In support of this are CONFIG_STRICT_KERNEL_RWX and
CONFIG_STRICT_MODULE_RWX, which seek to make sure that code is not
writable, data is not executable, and read-only data is neither writable
nor executable.

Most architectures have these options on by default and not user selectable.
For some architectures like arm that wish to have these be selectable,
the architecture Kconfig can select ARCH_OPTIONAL_KERNEL_RWX to enable
a Kconfig prompt. CONFIG_ARCH_OPTIONAL_KERNEL_RWX_DEFAULT determines
the default setting when ARCH_OPTIONAL_KERNEL_RWX is enabled.

#### Function pointers and sensitive variables must not be writable

Vast areas of kernel memory contain function pointers that are looked
up by the kernel and used to continue execution (e.g. descriptor/vector
tables, file/network/etc operation structures, etc).
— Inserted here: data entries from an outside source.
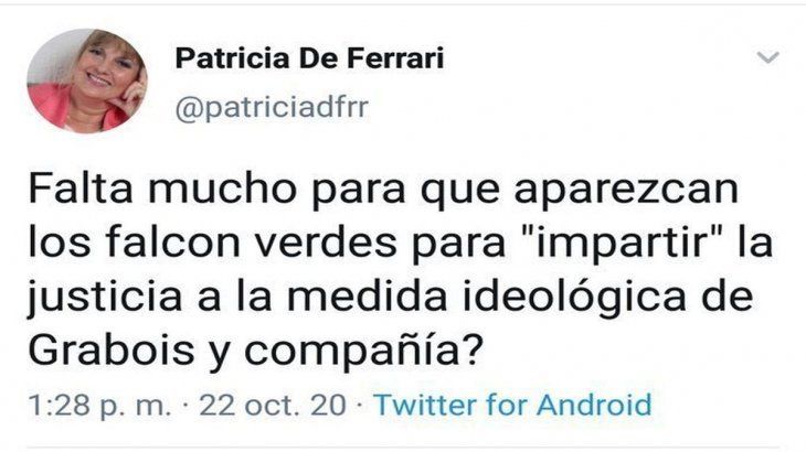 Patricia De Ferrari, diputada de Juntos por el Cambio, generó polémica y repudio en las redes sociales por una publicación en la que se preguntó si "falta mucho para que aparezcan los Falcon verde para impartir justicia a la medida ideológica de Juan Grabois y compañía".
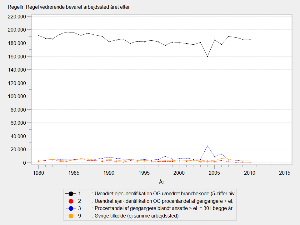 2: Uændret ejer-identifikation OG procentandelen af gengangere > eller = 30 i det ene eller begge år. For enkeltrelationer kræves kun, at arbejdsgivernummeret er uændret, mens det for flerrelationer kræves, at såvel arbejdsgivernummer som arbejdsstedskoden er uændrede.
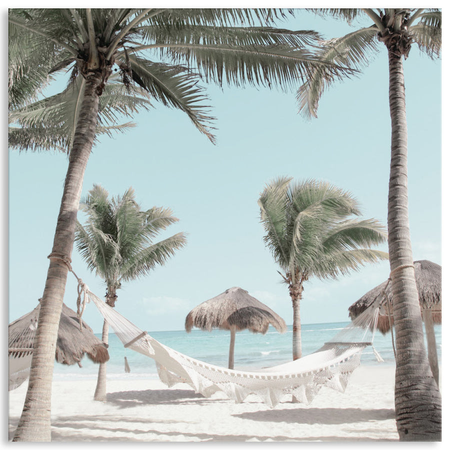 Canvas Print: Tropical Bounty IV is a contemporary tropical coastal landscape. Bring joy and warm into your interiors with a hammock between tropical palms. The white sand and soft azure colour of tropical waters create a peaceful and tranquil ambience. Tropical Bounty IV is the first in a series of three and is printed on high quality glossy poly-cotton canvas featuring high whiteness and superior colour brilliance and image definition with UV stabilised solvent ink. The canvas is stretched over a sturdy support frame with D-Rings and strung with cord ready to hang. Australian made under an Australian Made Campaign Ltd licence.
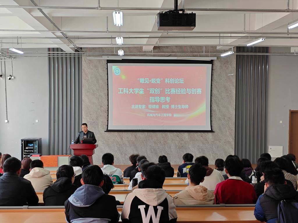 讲座现场气氛热烈,互动环节中,程教授针对同学们提出的选题来源、项目公司化运营、答辩重点等问题逐一作出细致解答。机械243班李旭扬同学表示:“本次讲座不仅帮助我们理清了挑战杯赛事的备赛逻辑,还学到了可直接应用的实战方法,为后续参赛指明了方向。”
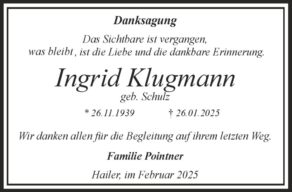 Hier finden Sie alle Traueranzeigen aus der Zeitung, die bisher für Ingrid Klugmann erschienen sind. Weitere Traueranzeigen, die in der Zeitung erscheinen, werden hier ebenfalls aufgelistet
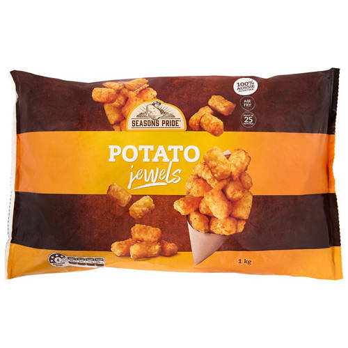 Potato Jewels are made with selected potatoes, shredded and prepared with vegetable oil.
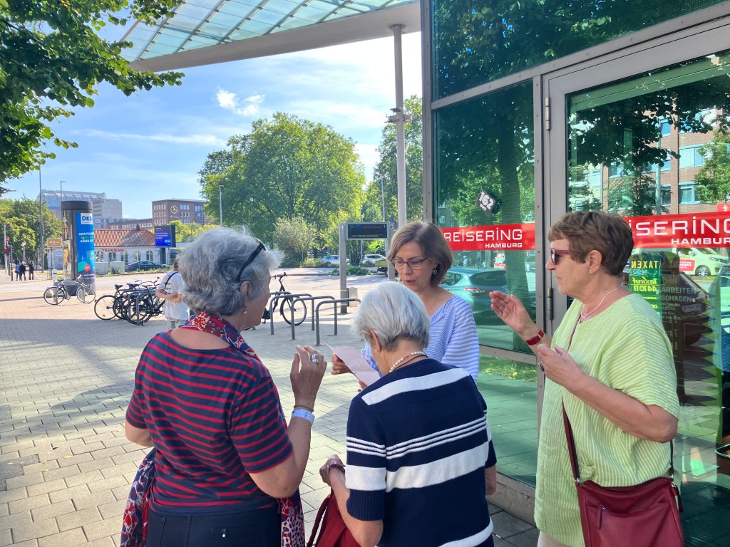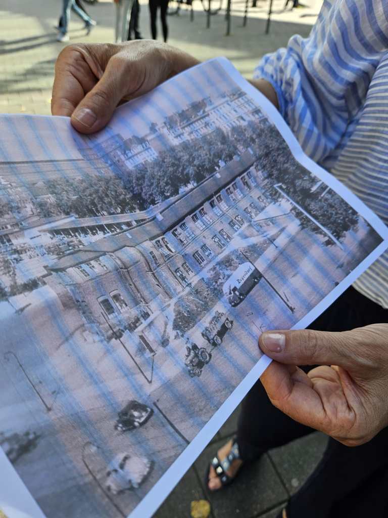 Karla Fischer (rechts im Bild) von der Geschichtswerkstatt St. Georg hatte ein Bild von der Jahnhalle nach 1945 mit dabei und erzählte, dass der große Turnzahl in einzelne Abschnitte eingeteilt war, in dem Menschen lebten. Mitte der 1950er Jahre wurde die Turnhalle abgerissen.
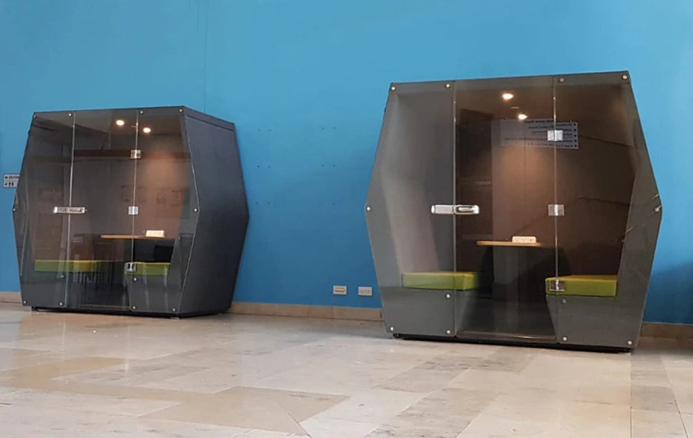 Meet Bill 6-Person Meeting Pod with Glass Front and Back. The Bill collection is an angular range of fully upholstered dens with glass end wall and glass door options. The minimal lines of the collection create both comfort and a focal point for any interior. Bill is a great destination to encourage both collaboration and private work, a glass door adds privacy and quiet in busy offices.
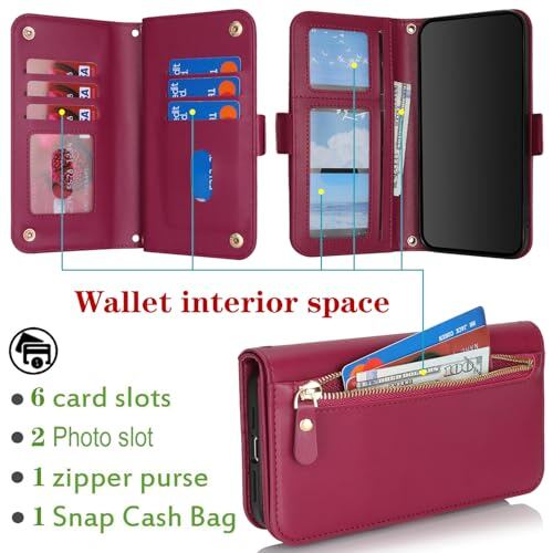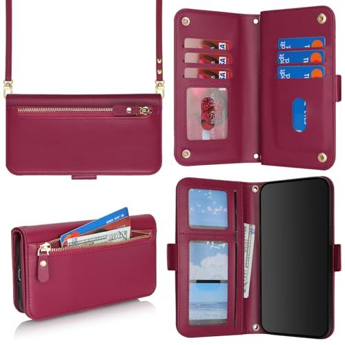 for iPhone 13 ケース アイホン 14 肩がけ 首掛け 斜め掛け ファスナー ストラップ付き ショルダーケース 手帳型 CASE カバー SunYoo カード収納 横置き スタント PUレザー 財布型 for iPhone14 iPhone13 レッド
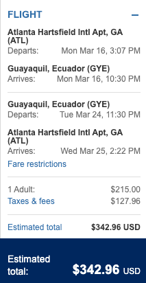 Atlanta (ATL) to Guayaquil (GYE) for $343 round-trip on JetBlue:
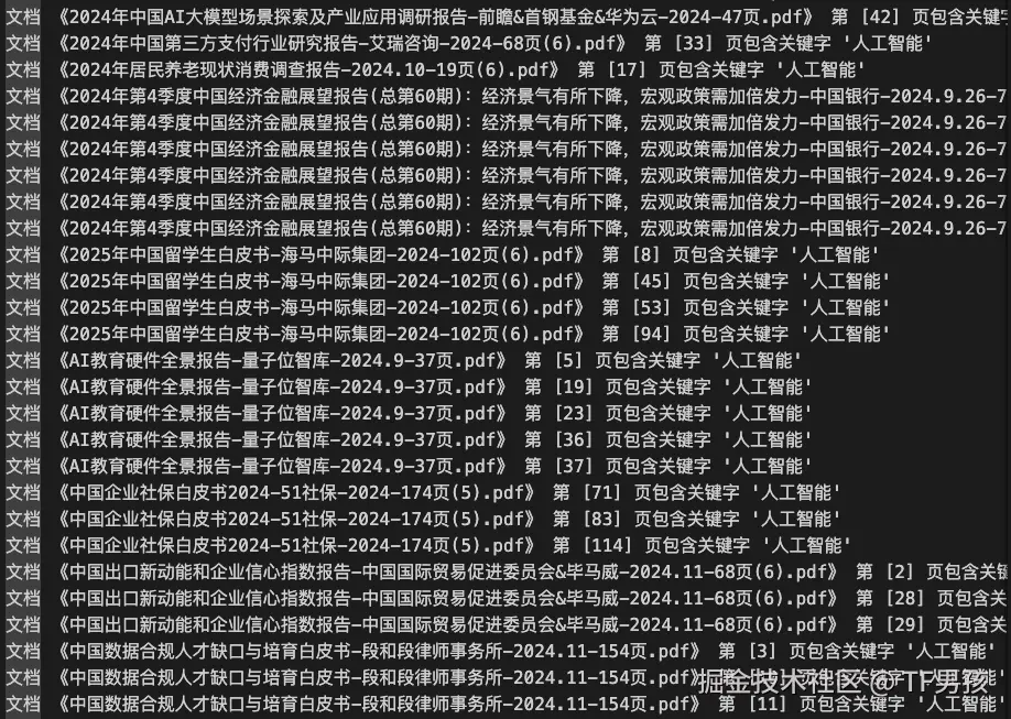 为此,我写了一个关键词筛选的功能。只需要输入“人工智能”,程序就可以从几百个文件中,找到哪个文件的第几页提到了“人工智能”。
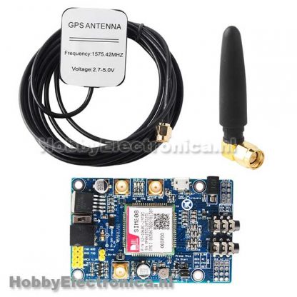 SIM808 GSM GPRS GPS module, geleverd met gps en gsm antenne.
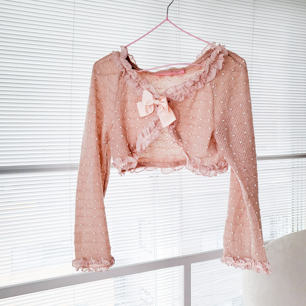 A sweet twisted knit cut and sew that floats in a polka dot style!
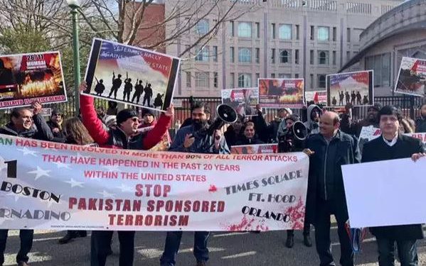 Protesters, representing different communities and backgrounds, gathered to voice their anguish and strong condemnation of Pakistan’s policy and practices of state-sponsored terrorism against neighbouring India and Afghanistan as well as some western countries, said Mohan Sapru, the rally organizer and Washington, DC coordinator of the Global Kashmiri Pandit Diaspora.
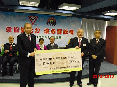 為響應諾貝爾物理學得獎者高錕博士的呼籲,本會特透過旗下"世界中華寧波總商會慈善基金"向香港聖雅各福群會的健智支援服務中心捐助港幣10萬元,以支援該中心的老人痴呆症照顧服務。
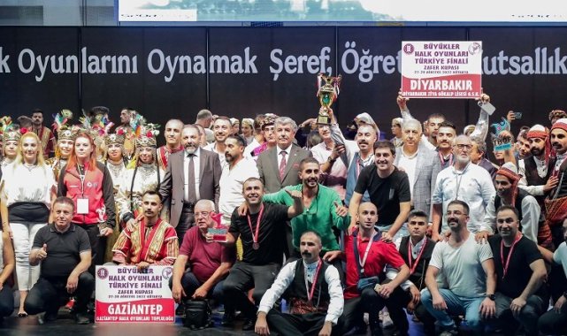 Türkiye Halk Oyunları ve Federasyonu ve Kütahya Belediyesi'nin işbirliğinde düzenlenen Büyük Zafer'in Yüzüncü Yılında Halk Oyunları Kulüpler Arası Büyükler Kategorisi Türkiye Finali Geleneksel Düzenlemesiz Dal'da ödüller sahiplerini buldu.KÜTAHYA (İGFA) - Yeni spor salonunda yapılan ilk gün yarışmalarında Kulüpler Arası Büyükler Kategorisi Türkiye Finali Geleneksel Düzenlemesiz Dal'da, kulüpler jüri karşısında oyunlarını sergiledi. Kıyasıya geçen yarışmalarda 3.'lüğü Ağrı Karaköse Sanat Kulübü, 2.'liği Gaziantep Halk Oyunları Topluluğu ve 1.'lik kupasını Diyarbakır Ziya Gökalp Lisesi G.S.K aldı.Birincilik kupasını Diyarbakır halk oyunları ekibine Belediye Başkan Vekili Abdullah Damcı ve Türkiye Halk Oyunları Federasyonu Başkanı Suat Aksu birlikte verdi.Yarışmalar yarın Geleneksel Düzenlemeli Dal'da devam edecek.
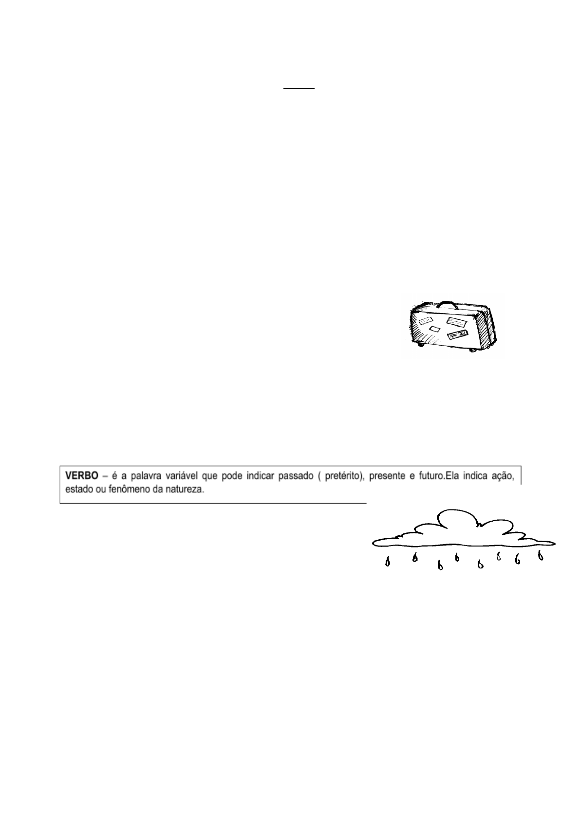 Adolescência é: Se perguntar e escutar mais de mil vezes: Você já não é mais criança para fazer isso E também ainda não é tão grande para fazer aquilo. Pequeno para isso: [...] trabalhar fora de casa – viajar sozinho Casar- votar- pegar ondas grandes [...] Grande para isso Brincar como criança – brigar com o irmão mais novo – depender dos pais para ir a todos os lugares – ver desenhos animados [...] Cida Lopes. a) Agora escreva os verbos que aparecem no texto. ___________________________________________________________________________________________ _______________________________________________________________________________________ b) Observe que há uma palavra sublinhada. Qual é? Qual é sua classificação ( substantivo, adjetivo, numeral, verbo...)? _________________________________________________________________________________________ c) Observe a variação do verbo e copie-o: Eu viajei sozinho (Pretérito)._______________ Eu viajo sozinho. (presente)________________ Eu viajarei sozinho. (futuro)_______________ d) As palavras que você copiou: e) ( ) permanecem iguais ( ) sofreram modificações f) As palavras viajei, viajo, viajarei indicam: ( ) gênero – masculino e feminino ( ) tempo- passado, presente e futuro ( ) grau – aumentativo e diminutivo g) Portanto, essas palavras são: ( ) variáveis ( ) invariáveis Leia observando os verbos destacados: a)I.Eu viajo sozinho. Verbo: ___________________________ Indica: __________________________ b)Eu sou independente. Verbo______________________________ Indica_____________________________ C)Choveu muito durante a viagem. Verbo________________________________ Indica________________________________ Faça a correspondência e complete: (a) I ( ) verbo chover ( ) indica estado ou qualidade (b) II ( ) verbo viajar ( ) indica fenômeno da natureza (c) III ( ) verbo ser ( ) indica ação 1 Leia: O adolescente cultiva alfaces e cuida da horta. a) Continue completando: Eu cultivo alfaces e cuido da minha horta. Tu cultivas alfaces e cuidas da tua horta. Ele ______________ alfaces e _________________da ______________ horta. Nós _____________ alfaces e _________________ da ______________ horta. Vós _____________ alfaces e _________________ da ______________ horta. Eles _____________ alfaces e _________________da ______________ horta. b) Estes verbos estão conjugados no tempo: ( ) presente ( ) pretérito ( )futuro Escreva a frase “O adolescente cultiva alfaces e cuida da horta” passando os verbos para os tempos pedidos. a) Passado (pretérito) _________________________________________________________________________________________ b) Futuro _________________________________________________________________________________________ Observe a imagem e complete o quadro. Veja o exemplo: O que as crianças estão fazendo Ação realizada O pássaro está empinando uma pipa Empinar Como são classificadas as palavras que indicam ação? ( ) pronomes ( ) substantivos ( )adjetivos ( ) verbos 1.Leia o texto “O urso e as abelhas”: 2 a) Você conseguiu entender perfeitamente a fábula? Por quê? ___________________________________________________________________________________________ _______________________________________________________________________________________ b)Complete a fábula com as palavras abaixo prestando atenção ao sentido e à concordância. b) Como se classificam essas palavras que você inseriu no texto? _________________________________________________________________________________________ Retire do texto “O urso e as abelhas”: a)Um trecho com um verbo que indica um estado. _________________________________________________________________________________________ b)Um trecho com um verbo que indica ação. _________________________________________________________________________________________ Há, no texto, algum verbo que indica fenômeno da natureza? Forme uma frase com um verbo que indica fenômeno da natureza. ___________________________________________________________________________________________ _______________________________________________________________________________________ A maioria dos verbos que aparecem na fábula está no tempo: ( ) presente ( ) passado (pretérito) ( ) futuro Leia: Ele viu o tronco da árvore. A abelha picou o urso. Eu gostei da fábula. a) Escreva as frases passando o verbo para o plural e fazendo as alterações necessárias. ___________________________________________________________________________________________ __________________________________________________________________________________________ b) Escreva as frases passando o verbo para o passado e fazendo as alterações necessárias. ______________________________________________________________ 2.Complete: Frase Tempo do verbo Indica ação Indica estado Indica fenômeno da natureza O urso só se salvou [...] [...] o enxame ficou todo alvoroçado 3 [...] entrou em um lago 3.Leia o poema: A estrela dorminhoca Uma estrela dorminhoca Dorme e ronca a noite inteira. Que estrela de doideira Que estrela preguiçosa! Todas, todas as estrelas Dormem só durante o dia. [...] Mas a tal da dormideira Ronca, ronca numa nuvem, Debaixo do seu lençol. Acorda de madrugada, Esfrega os olhos, rosada, Dormiu a noite inteirinha. Depois fica amarelada, Levanta, toda assanhada, dourada estrela Sol! Sylvia Orthof a)Qual o tempo verbal predominante no poema? _________________________________________________________________________________________ b)Por que a estrela do poema é diferente das outras e dorme a noite inteira? _________________________________________________________________________________________ C)Escreva a última estrofe passando os verbos para o passado. _________________________________________________________________________________________ D)Escreva todos os verbos que aparecem no presente. _________________________________________________________________________________________
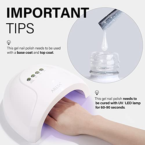 SHIMMERING JELLY STYLE – AILLSA adds countless glittering particle sequins to this translucent milky white gel nail polish, You can use it not only as a regular glitter gel polish, but also as a sparkle top coat apply with any base color you like. The beautiful effect of the overlay will make the original understated and gentle nude color derive an unexpected new surprise, making you glamorous in life, work and dating!
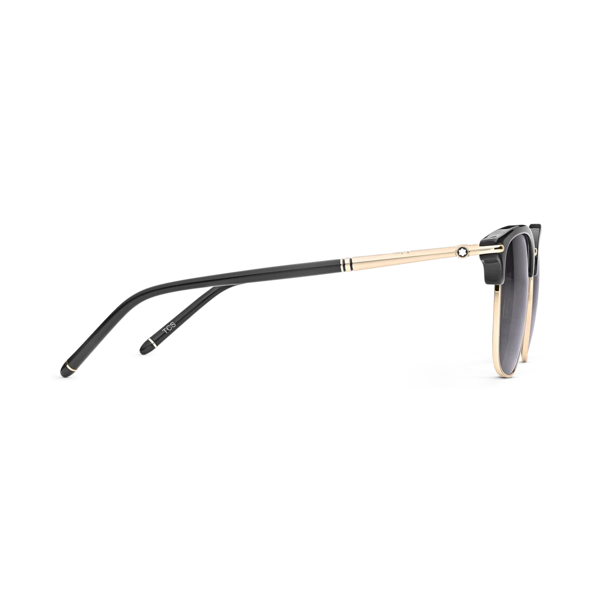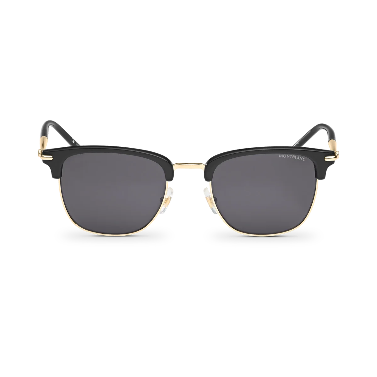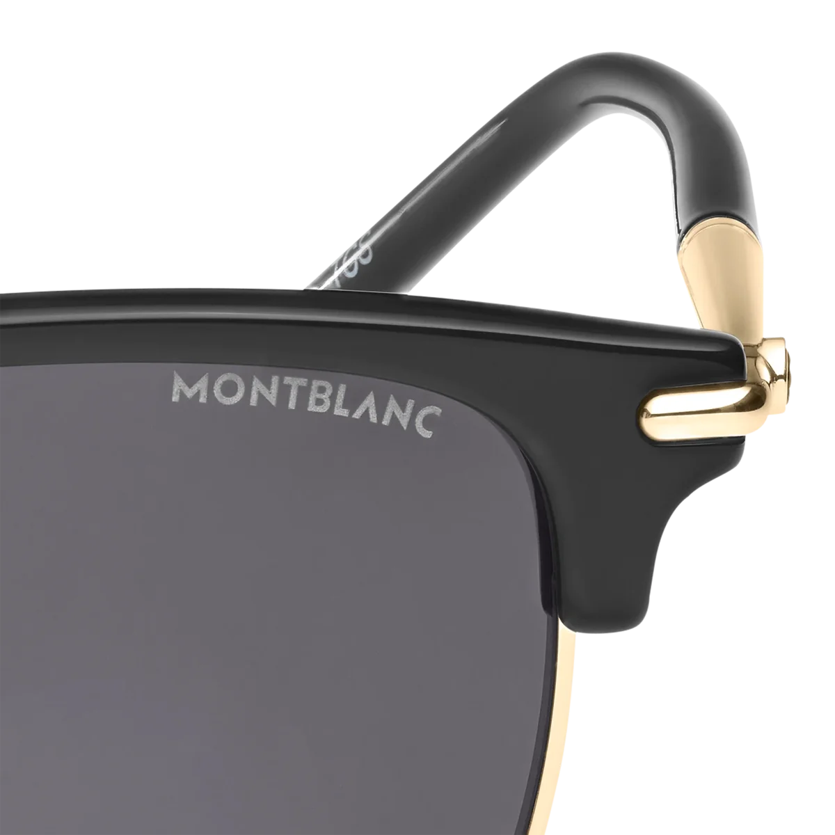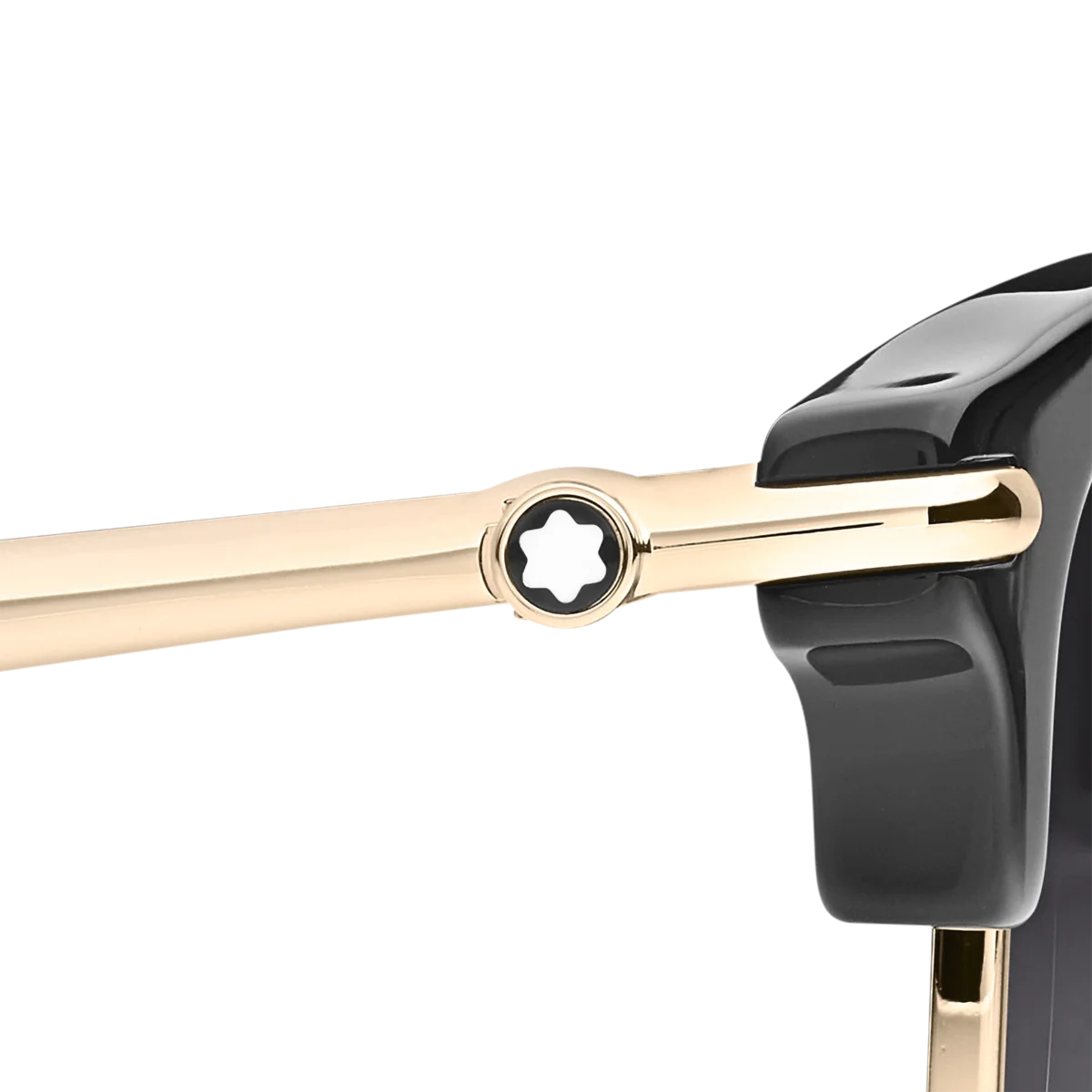Estas gafas de sol de estilo rectangular tienen una montura inyectada de color negro y lentes grises. El emblema Montblanc Snowcap está encapsulado en la patilla y el logotipo de Montblanc está grabado con láser en la lente izquierda. El detalle de tres anillos en la patilla recuerda a la colección Montblanc Meisterstück.

The number of these
variables must be reduced to an absolute minimum.

Many such variables can be made read-only by setting them "const"
so that they live in the .rodata section instead of the .data section
of the kernel, gaining the protection of the kernel's strict memory
permissions as described above.

For variables that are initialized once at __init time, these can
be marked with the (new and under development) __ro_after_init
attribute.

What remains are variables that are updated rarely (e.g. GDT). These
will need another infrastructure (similar to the temporary exceptions
made to kernel code mentioned above) that allow them to spend the rest
of their lifetime read-only. (For example, when being updated, only the
CPU thread performing the update would be given uninterruptible write
access to the memory.)

#### Segregation of kernel memory from userspace memory

The kernel must never execute userspace memory. The kernel must also never
access userspace memory without explicit expectation to do so. These
rules can be enforced either by support of hardware-based restrictions
(x86's SMEP/SMAP, ARM's PXN/PAN) or via emulation (ARM's Memory Domains).
By blocking userspace memory in this way, execution and data parsing
cannot be passed to trivially-controlled userspace memory, forcing
attacks to operate entirely in kernel memory.

### Reduced access to syscalls

One trivial way to eliminate many syscalls for 64-bit systems is building
without CONFIG_COMPAT. However, this is rarely a feasible scenario.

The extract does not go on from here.